According to a Xidian University press release, the facility has recently been approved by a group of visiting experts after demonstrating wireless microwave transmission of power across a 55-m (180-ft) distance. It's the first system in the world to cover the full range of space solar functions, including tracking the Sun, concentrating light, converting it to electricity, transmitting it in microwave form, and receiving it at a separate rectenna – and the university says it's running successful tests some three years ahead of schedule.
The upper part of the structure suspends an array of dishes that acts as a surrogate satellite, focusing sunlight, converting it to energy and sending it down to the ground, where a rectenna dish collects it.
The research team is under no illusions: getting from 55 m to 36,000 km with high enough efficiency to make space solar worthwhile will "require successive struggles of several generations," according to the press release. It'll be a long time before money spent on this tech bears more fruit than simply building more solar arrays here on the Earth.
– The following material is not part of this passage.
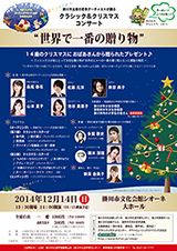 ♪2014.12.14 掛川市出身のアーティストで綴る クラシック&クリスマスコンサート “世界で一番の贈り物” 掛川市文化会館シオーネ・大ホール → イベント詳細はこちら 主催:(公財)掛川市生涯学習振興公社、掛川市 |

Indeed, should a space-based energy transmission antenna be deployed, the ground-based rectenna array will most likely need to be several kilometers across in order to receive a useful amount of energy.
In the meanwhile, companies like New Zealand's Emrod are pushing forth on wireless microwave power transmission for applications closer to the Earth, like replacing high-voltage power lines across difficult terrain.
Source: Xidian University
Even the smallest solar array that can provide any significant amount of power to ground would probably mean billions of dollars of cost!
When same amount of solar power on the ground would cost an extremely tiny fraction/percentage of that!
A billion dollars could purchase enough solar power units to produce a half gigawatt.
Also, space to ground is still subject to atmospheric conditions.
This process would work very well in a space to space mode.
Power source for orbital / lunar installations & projects.
And then there's Mars.
I'm more concerned about issues raised by others, like atmospheric impacts, and some not raised here like instantaneous cutoffs in case the beam goes off target (including the means to keep such events from causing grid upsets). You clearly wouldn't locate receivers in an urban setting as depicted in the article, but likely in a desert. That would resolve most of the safety concerns, as well as minimizing weather impacts and bird risks. You'd have some additional transmission losses due to the distance from load centers, but those would be small compared to the generation increase.